__WHAT YOU HAVE TO DO__: The reply should hold only the lines below beginning at the one with "Belle, simple graduation" and ending at the one with "Gold Coast Platinum", copied exactly, with every picture left out.

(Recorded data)
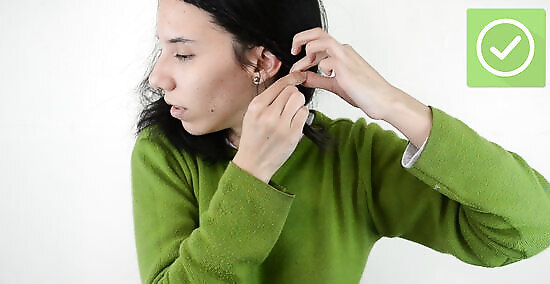 Work in a section of hair from behind the other ear and finish the braid. Once you reach the end of the braid, gather a section of hair from behind your other ear. Work it into the braid to finish it, and secure the end with a small elastic. Spray your hair with a flexible hold hairspray to make sure that the braided headband stays in place.
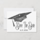 Belle, simple graduation moderne enregistrer la carte de date à envoyer à la famille et amis. Dispose d'un capuchon de graduation avec un aspect d'aquarelle noir et gris. Magnifique carte moderne et simple pour enregistrer une date pour un diplôme.
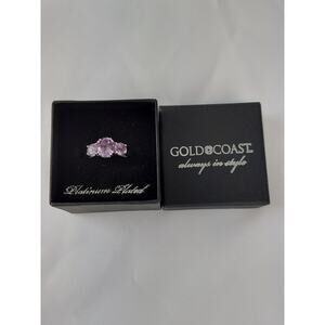 Gold Coast Platinum Plated 3 Stone Amethyst Ring Size 10
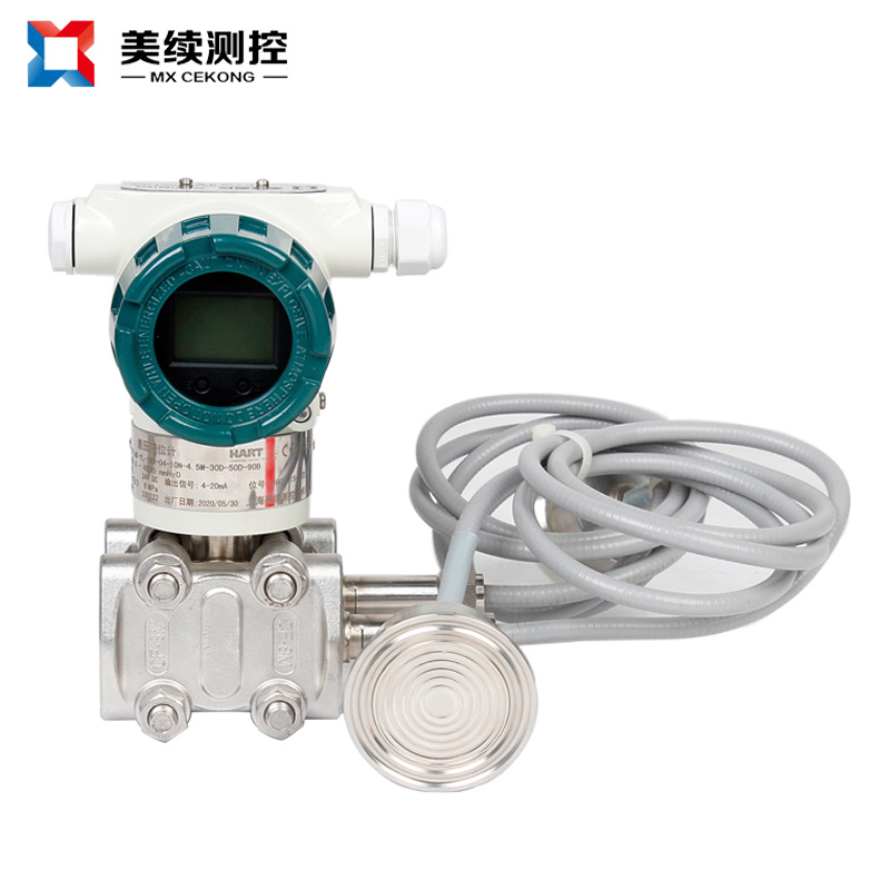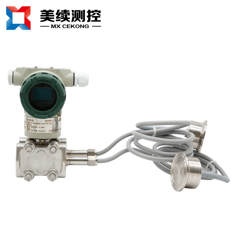 3、當測量具有腐蝕性或含有結晶顆粒,以及粘度大、易凝固等介質的測量時,為解決引壓管線腐蝕或堵塞的問題,可以采用法蘭式差壓變送器的法蘭直接與容器上的法蘭連接,作為敏感元件的測量頭(金屬膜盒)經毛細管與變送器的測量室相連通,在膜盒、毛細管和測量室所組成的封閉系統內充滿硅油,作為傳壓介質,起到變送器與被測介質隔離的作用。
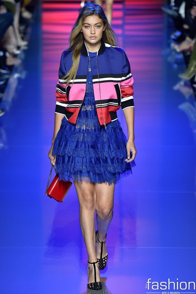 Eliesaab: Deixando de lado os vestidos de gala, pelos quais a marca e famosa, e usandos cores fortes e peças sport para quebrar a delicadeza das rendas, a grife mostrou uma coleção jovem e despojada, abusando das bomber jackets e de produções para variados tipos de ocasião.

__EXPECTED ANSWER__:
 Belle, simple graduation moderne enregistrer la carte de date à envoyer à la famille et amis. Dispose d'un capuchon de graduation avec un aspect d'aquarelle noir et gris. Magnifique carte moderne et simple pour enregistrer une date pour un diplôme.
 Gold Coast Platinum Plated 3 Stone Amethyst Ring Size 10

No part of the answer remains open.